[Start of Attachment]

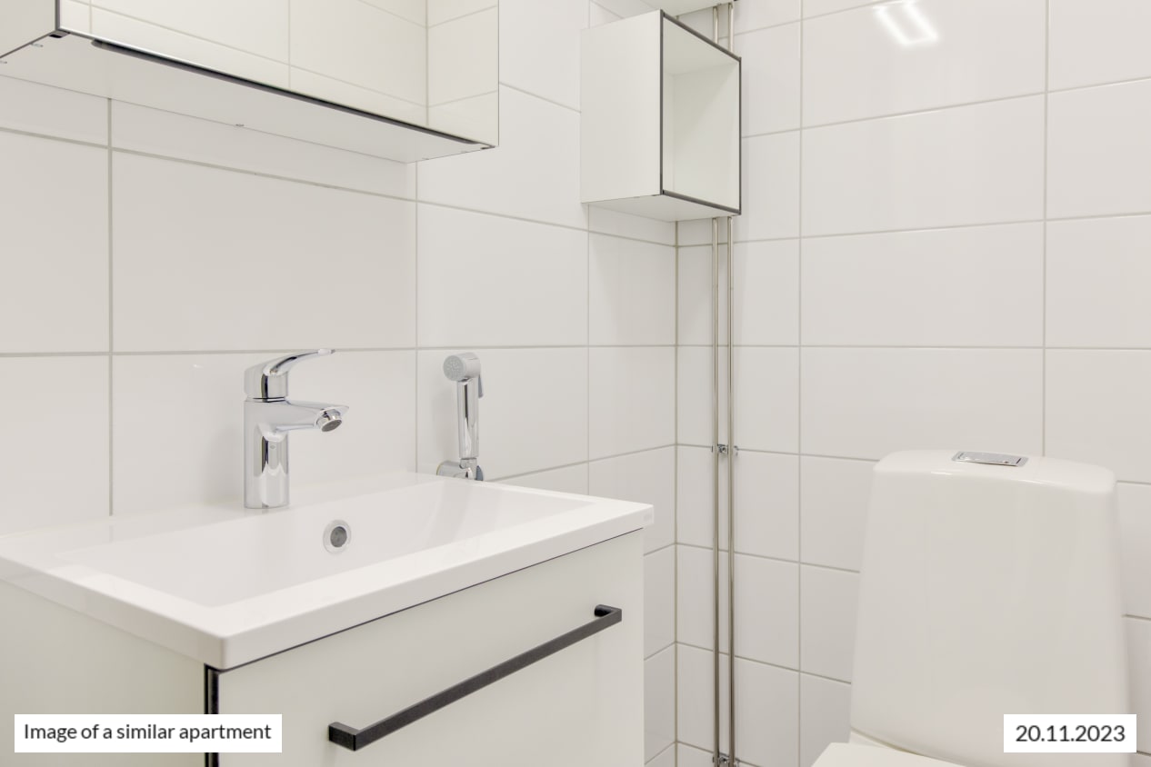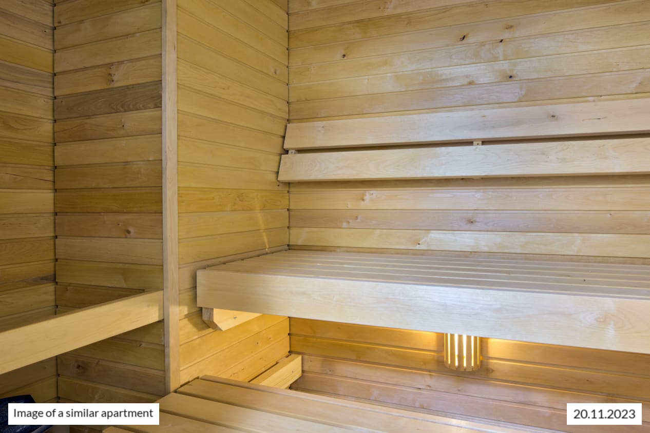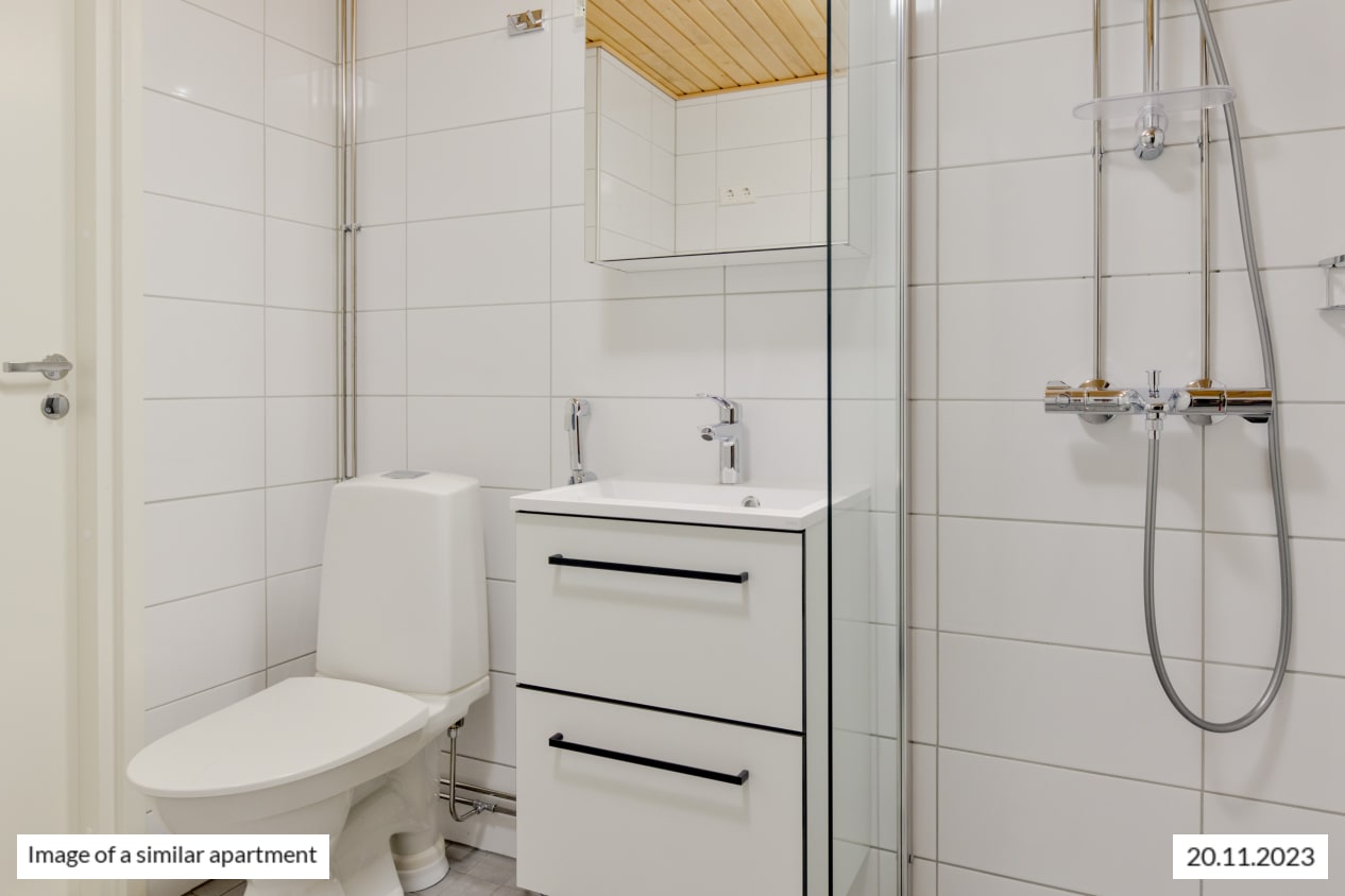 The fresh bathroom has room for relaxation and is combined with your own private sauna. The white-tiled walls and grey-tiled floor create a stylish space. The durable Kide range bathroom furniture is white and made in Finland. There are also hookups and space for a washing machine and a dryer.
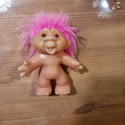 Retro Dam trold fra 1986 med pink hår. Den er mærket 'DAM 1986' og 'Made in China' under fødderne.
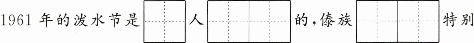 1961年的泼水节是$\begin{matrix} lìng \\ □ □ \end{matrix}\\ □ □ 人\begin{matrix} nán wàng \\ □ □ □ □ \end{matrix}\\ □ □ □ □ $的,傣族$\begin{matrix} rén mín \\ □ □ □ □ \end{matrix}\\ □ □ □ □ $特别高兴,因为敬爱的周恩来$\begin{matrix} zǒng lǐ \\ □ □ □ □ \end{matrix}\\ □ □ □ □ $和他们一起过泼水节。
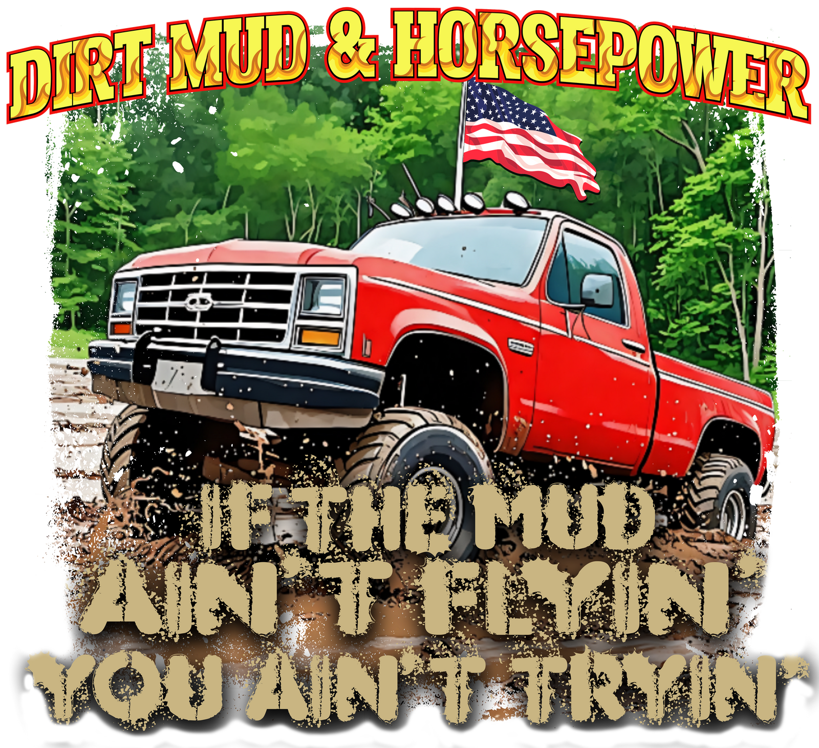 American Mud Flyin' DTF transfer
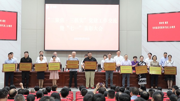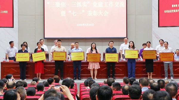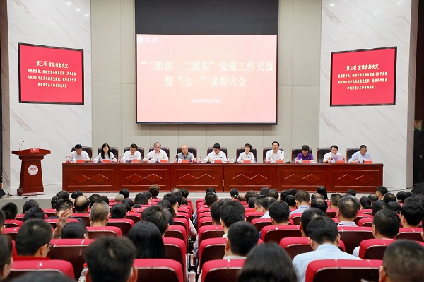 6月30日上午,beat365在东方红校区百熙楼228报告厅隆重召开“三聚焦、三抓实”党建工作交流暨“七一”表彰大会,庆祝中国共产党成立101周年,表彰“三聚焦、三抓实”党建引领工程实施以来,在学校改革发展建设中涌现出来的先进基层党组织和个人,阶段性总结交流“三聚焦、三抓实”党建引领工作开展情况。全体校领导、党委委员、老领导代表出席会议。全体处级干部、党支部书记,二级学院党政办主任、学工办主任、教科办主任以及机关部分科级干部,获表彰的基层党组织代表,在党五十年党员代表参加会议。会议由校党委副书记李克勤主持。

[End of Attachment]

▶ **Activity**: Copy exactly, please, every line from the one holding "American Mud Flyin' DTF transfer" through the last line of the data, both ends included, and no pictures.

▶ **Response box**:
 American Mud Flyin' DTF transfer
 6月30日上午,beat365在东方红校区百熙楼228报告厅隆重召开“三聚焦、三抓实”党建工作交流暨“七一”表彰大会,庆祝中国共产党成立101周年,表彰“三聚焦、三抓实”党建引领工程实施以来,在学校改革发展建设中涌现出来的先进基层党组织和个人,阶段性总结交流“三聚焦、三抓实”党建引领工作开展情况。全体校领导、党委委员、老领导代表出席会议。全体处级干部、党支部书记,二级学院党政办主任、学工办主任、教科办主任以及机关部分科级干部,获表彰的基层党组织代表,在党五十年党员代表参加会议。会议由校党委副书记李克勤主持。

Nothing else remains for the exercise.